DATA SHOWN:

- Opening Delimiter -

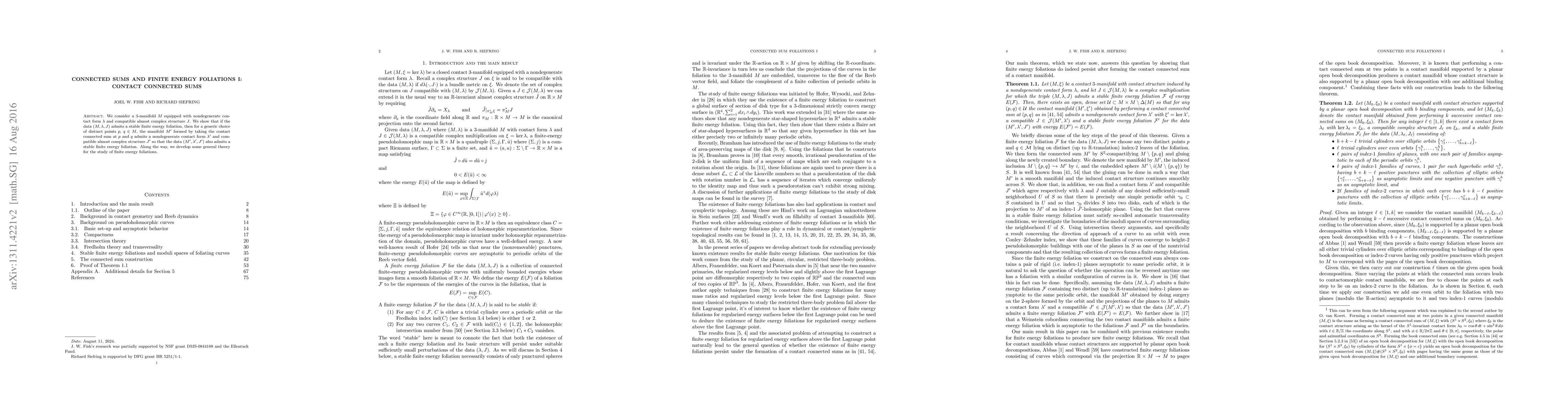 A 3-manifold with a stable finite energy foliation can be modified to form a connected sum, preserving the contact structure, almost complex structure, and admitting another stable finite energy foliation for generic point pairs.
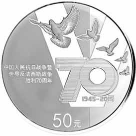 31.104克(1盎司)圆形银质纪念币背面图案为代表全民族抗战的人物群雕造型与长城、浪花、数字“70”与时间“1945-2015”共同组成标志性符号的组合设计,并刊“中国人民抗日战争暨世界反法西斯战争胜利70周年”字样及面额。
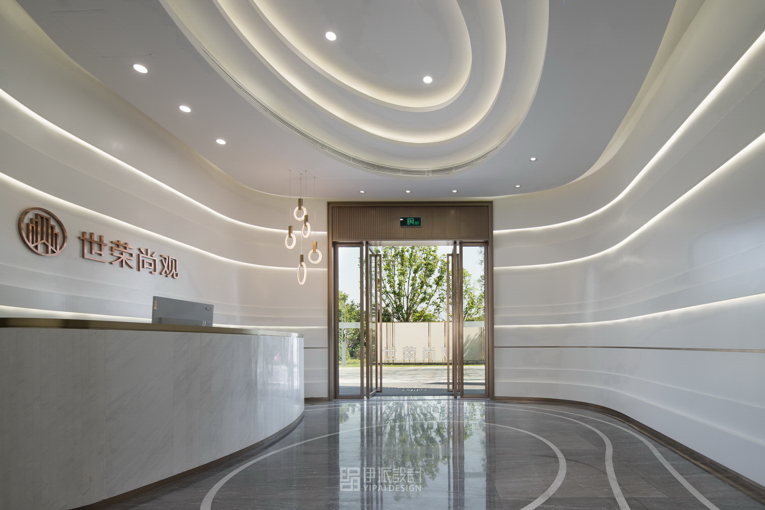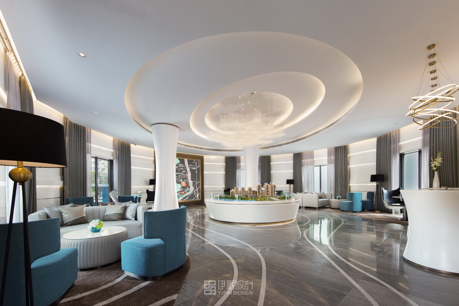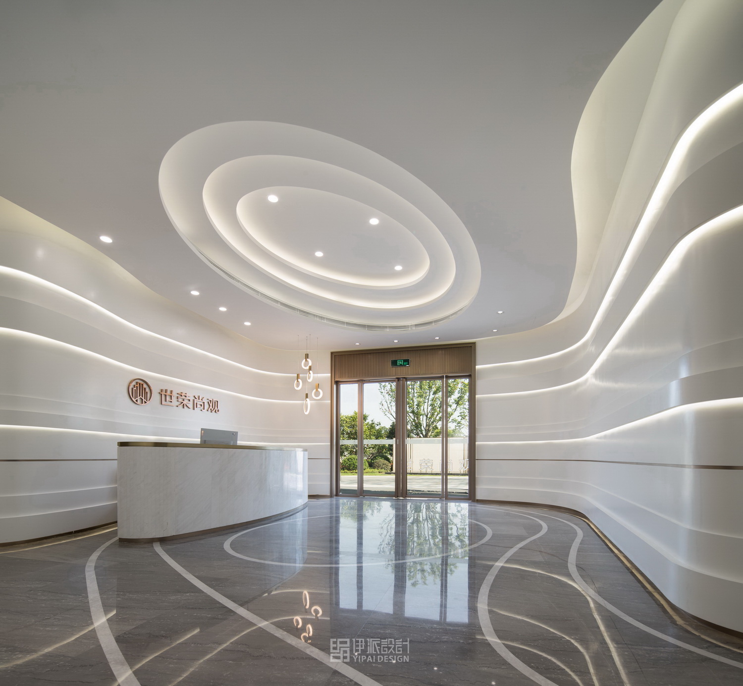 在設(shè)計(jì)中,利用人文與自然的結(jié)合,突出城市印象和地理優(yōu)勢(shì)。售樓中心根據(jù)珠海本地的氣候條件和對(duì)項(xiàng)目顧客群定位的研究,確定了在結(jié)合功能、美觀、經(jīng)濟(jì)的前提下,突出簡(jiǎn)約、明亮、時(shí)尚的設(shè)計(jì)空間理念。接待前廳是售樓中心的第一觀感,以波紋樣式為曲線界面設(shè)計(jì)主題,寓意于韻律藝術(shù)中照見(jiàn)斗門明珠的璀璨。

- Closing Delimiter -

Output all of the data word for word, excluding any pictures.

 A 3-manifold with a stable finite energy foliation can be modified to form a connected sum, preserving the contact structure, almost complex structure, and admitting another stable finite energy foliation for generic point pairs.
 31.104克(1盎司)圆形银质纪念币背面图案为代表全民族抗战的人物群雕造型与长城、浪花、数字“70”与时间“1945-2015”共同组成标志性符号的组合设计,并刊“中国人民抗日战争暨世界反法西斯战争胜利70周年”字样及面额。
 在設(shè)計(jì)中,利用人文與自然的結(jié)合,突出城市印象和地理優(yōu)勢(shì)。售樓中心根據(jù)珠海本地的氣候條件和對(duì)項(xiàng)目顧客群定位的研究,確定了在結(jié)合功能、美觀、經(jīng)濟(jì)的前提下,突出簡(jiǎn)約、明亮、時(shí)尚的設(shè)計(jì)空間理念。接待前廳是售樓中心的第一觀感,以波紋樣式為曲線界面設(shè)計(jì)主題,寓意于韻律藝術(shù)中照見(jiàn)斗門明珠的璀璨。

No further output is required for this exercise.